> [Entries shown]:
|---|

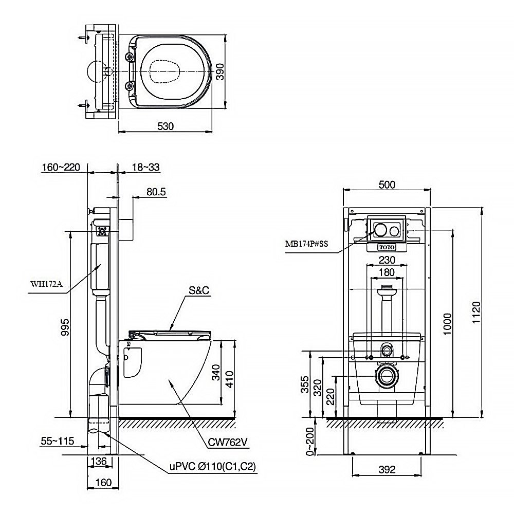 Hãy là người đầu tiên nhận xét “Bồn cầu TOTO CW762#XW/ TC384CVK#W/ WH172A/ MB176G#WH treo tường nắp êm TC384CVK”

|---|

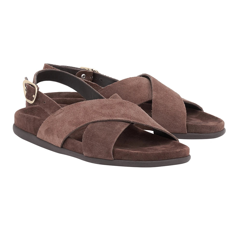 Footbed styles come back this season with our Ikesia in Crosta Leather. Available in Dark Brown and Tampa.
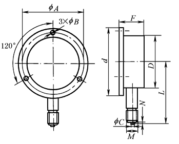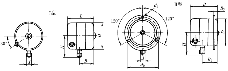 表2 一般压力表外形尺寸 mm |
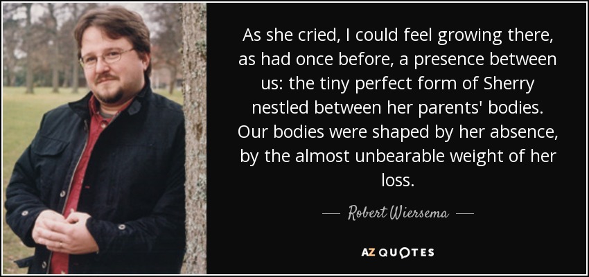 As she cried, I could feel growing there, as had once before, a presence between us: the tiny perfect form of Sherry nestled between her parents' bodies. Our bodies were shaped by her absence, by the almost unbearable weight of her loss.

|---|

> [Problem to work on]: Leaving every picture aside, reproduce exactly the lines above from the one with "表2 一般压力表外形尺寸 mm |" up to and including the one with "As she cried, I", and no others.

> [Response to this task]:
 表2 一般压力表外形尺寸 mm |
 As she cried, I could feel growing there, as had once before, a presence between us: the tiny perfect form of Sherry nestled between her parents' bodies. Our bodies were shaped by her absence, by the almost unbearable weight of her loss.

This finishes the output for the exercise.